• _Required action_: Copy word for word, please, the lines of the entries below running from the one containing "Database Management Systems (DBMS)" to the one containing "1 bed, 1 bath, 414 sqft", both ends included.

• _Records to process_:
========================
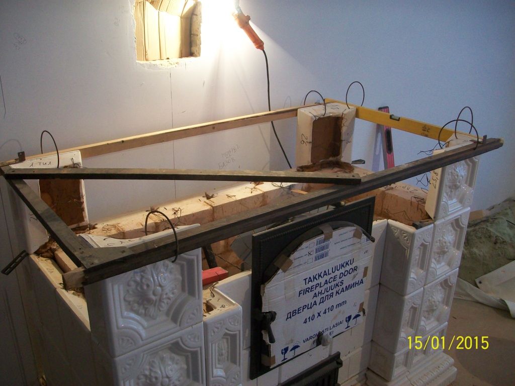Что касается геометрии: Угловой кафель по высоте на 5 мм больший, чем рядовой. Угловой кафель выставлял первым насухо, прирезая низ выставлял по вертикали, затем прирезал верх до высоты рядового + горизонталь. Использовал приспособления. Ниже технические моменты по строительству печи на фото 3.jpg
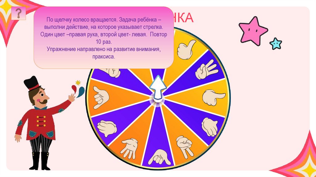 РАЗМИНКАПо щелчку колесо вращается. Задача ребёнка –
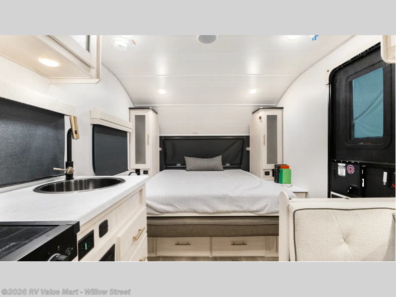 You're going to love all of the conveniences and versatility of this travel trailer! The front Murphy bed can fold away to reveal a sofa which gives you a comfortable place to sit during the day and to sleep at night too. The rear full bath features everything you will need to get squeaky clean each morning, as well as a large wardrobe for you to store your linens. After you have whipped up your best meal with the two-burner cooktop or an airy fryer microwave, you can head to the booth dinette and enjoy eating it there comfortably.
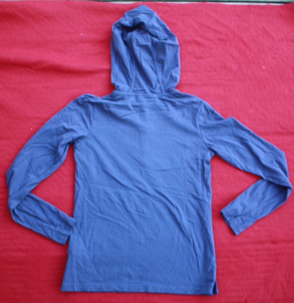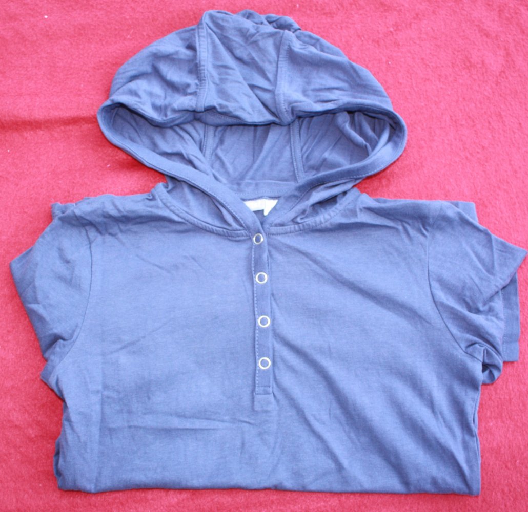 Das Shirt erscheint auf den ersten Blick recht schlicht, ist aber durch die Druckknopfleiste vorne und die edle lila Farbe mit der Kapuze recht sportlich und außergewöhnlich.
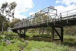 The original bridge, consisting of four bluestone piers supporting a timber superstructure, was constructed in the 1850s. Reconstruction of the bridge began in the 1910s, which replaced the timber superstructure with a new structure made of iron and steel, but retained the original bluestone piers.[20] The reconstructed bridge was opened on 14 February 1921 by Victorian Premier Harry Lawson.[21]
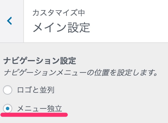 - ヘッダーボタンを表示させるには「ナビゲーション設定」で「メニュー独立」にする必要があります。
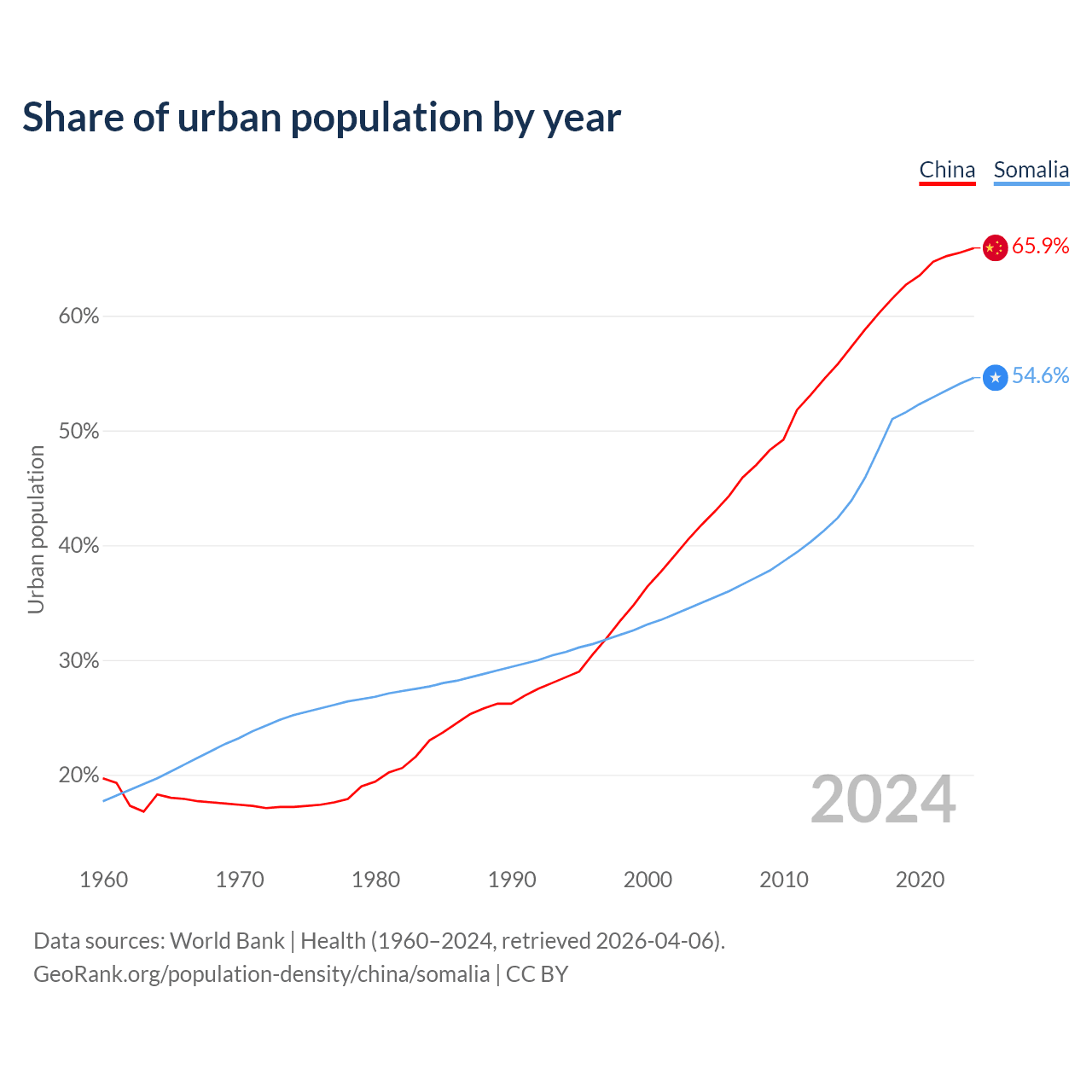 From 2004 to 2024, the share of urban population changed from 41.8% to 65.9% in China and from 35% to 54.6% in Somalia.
========================
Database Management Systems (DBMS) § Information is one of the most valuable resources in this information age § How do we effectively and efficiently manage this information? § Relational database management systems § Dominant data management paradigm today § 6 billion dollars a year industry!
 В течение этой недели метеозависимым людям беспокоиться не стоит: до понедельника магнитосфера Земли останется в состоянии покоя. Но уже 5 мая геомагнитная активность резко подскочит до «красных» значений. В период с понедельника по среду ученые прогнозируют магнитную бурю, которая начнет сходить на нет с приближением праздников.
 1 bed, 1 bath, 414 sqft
========================
• _Reply_:
Database Management Systems (DBMS) § Information is one of the most valuable resources in this information age § How do we effectively and efficiently manage this information? § Relational database management systems § Dominant data management paradigm today § 6 billion dollars a year industry!
 В течение этой недели метеозависимым людям беспокоиться не стоит: до понедельника магнитосфера Земли останется в состоянии покоя. Но уже 5 мая геомагнитная активность резко подскочит до «красных» значений. В период с понедельника по среду ученые прогнозируют магнитную бурю, которая начнет сходить на нет с приближением праздников.
 1 bed, 1 bath, 414 sqft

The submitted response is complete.